第一百三十四话 成长是一个过程
天色正好,经过昨晚这样瞎折腾,差点又要半条命,还好被救上来,若不是嫣然机灵,整天都躲在他身后,不然等到今日,郭品就是一具尸体,没有完全恢复的走,被水泡了那么久,现在酸痛难忍,着凉咳嗽不断,嫣然端着药进来,看他已经醒过来,搀扶着他坐起来喝药。
“师兄,你这是做什么蠢事,自己命不值钱呀,刚恢复好就这样糟蹋自己的身子,我知道师姐的死,你十分难过,可也不能寻短见啊,你要是知道事情的原由,便不会再做傻事”
竟然被她一语道破,男子汉大丈夫,能有什么事情令自己做轻生的打算,事情都还未弄明白就寻死,一了百了果真只有无能者才会做这种事,慢慢让自己的内心平静下来,好好的想清楚该怎么做。
“杀她的可是大师兄,那个把你手筋全部切断的男人,若不是师傅及时出手,恐怕二师姐也命丧他剑下,你还没弄明白就去寻死,不想报仇吗?”
简直不敢相信自己耳朵里听到的,怎么又和大师兄牵上关系,最近所发生的事情,每一件都让人匪夷所思,把嘴里的药咽下:“这究竟是怎么回事?”
在房间来回走动着,嘟着小嘴:“事情的前因后果我们不太清楚,总之就是五师姐勾引了大师兄,然后二师姐跟他大大出手,最后由师傅出面家法伺候,大师兄就出手杀掉五师姐,然后二师姐她俩又打起来,后面师傅出手,就把大师兄给打傻了,其它事情我们不得而知”
心里想起来,这怎么可能,艳然绝对不会做这样的事情,加之信的内容,心里已经可以断定绝对跟大师兄脱不了关系,再加之上一次的事情,这么想来所有的一切渐渐清晰。
搀扶着他来到大佛像,后面就是墓冢,进去后来到墓碑前,双膝下跪流着眼泪,本打算推开石棺再看最后一眼,可却被阻止,师傅向来最注重的就是这些,死者为大逝者安息,一旦入土便无再见光之日,能够跪拜已是万幸,那怎敢多奢求。

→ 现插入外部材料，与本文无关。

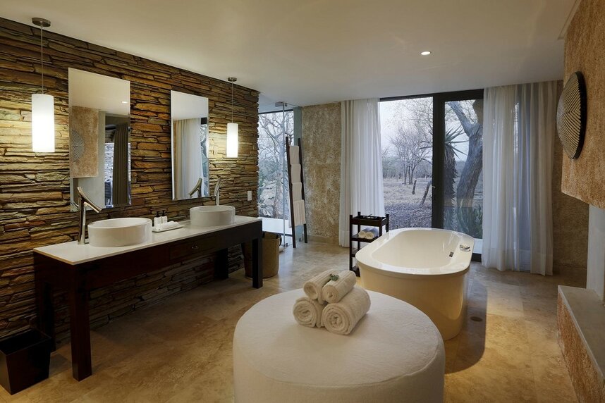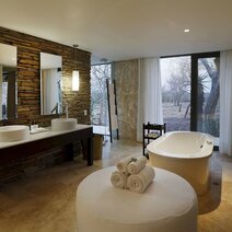 Alle 15 Suiten im Southern Camp verfügen über ein eigenes Bad mit Panoramafenstern, um die umliegende Wildnis zu genießen. Private Terrassen bieten die Möglichkeit, entspannende Sundowner zu genießen und gleichzeitig Tiere zu beobachten.

伸出手摸着石碑上的刻字,不停地哭泣,整个身子贴着,以为这样就能再抱抱她,嫣然这个时候才明白过来,为什么他总是喜欢故意避开自己,以前是这样现在也如此,这一刻她完全懂了,师兄真正喜欢的是不喜欢说话的师姐,只不过自己也不懂得去表达,不然的话这一次回来不会有如此伤心,自己在他的眼里不过是个小妹妹,调皮不懂爱而已,可自己就是喜欢他,何况师姐现在不在人世。
听到有脚步声,进来的是师姐,看见他这个样子,确实心中有些不安,担心他会责怪自己,没有保护好自己的妹妹,故意停下脚步,静静的等着,希望过一会儿他不会这么难过,嫣然知道她来了,可也不愿打扰到郭品,感觉到不对才赶快站起来,擦去泪水笑脸相迎的看着两人,看来昨夜的确受到内伤,连有人出现都没有察觉到。

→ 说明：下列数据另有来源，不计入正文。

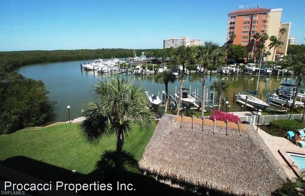 ( Vanderbilt Beach ) 2 Bedroom / 2 Bath / Gulf Access / Boat Lift - Gorgeous bay view from this 4th floor residence at "Anchorage at Vanderbilt " The Anchorage is a gated gulf access community with only 34 condominiums. This 4th floor beauty has 2 split bedrooms and 2 full baths with a spacious great room with a spectacular view off the balcony with bay views like no other. The residence has a 30' lift for a boat up to 7,000 lbs. for lease at $400 per month (boat must be registered to tenant) and private covered parking. It is minutes to the Gulf by boat. Relax by the community pool and chill out at the Chickee Hut. Located on the west side of Vanderbilt Drive and south of Wiggins Pass. King size bed in master and guest bedroom has a Queen and a daybed. Three Tv's: Living room, master bedroom and guest bedroom. One dog or cat allowed. Max weight 25 lbs

婕然先低下头,看他一眼,自责的呼出一口气,咬咬自己的嘴唇,强颜欢笑:“真是对不住你,师弟,是师姐无能,没保护好她”
冷冷笑出几声眼角泛起泪花:“师姐怎么能如此讲,只能怪我,在不合适的时候偏偏伤了左手,要是不这样的话,至少我也能出手保护她”,笑着笑着,脸上的泪水变多,笑着笑着哭起来了。
握紧手中的剑,并没打算上前安慰,侧过自己的身子:“师傅,恭候你多时,想必你知道该怎么去做,我还有任务要去忙,不能多留,大不了等我回来,弄你最喜欢的桂花糕给你吃”,说完便转身离开,眨眨眼不让泪水流下来。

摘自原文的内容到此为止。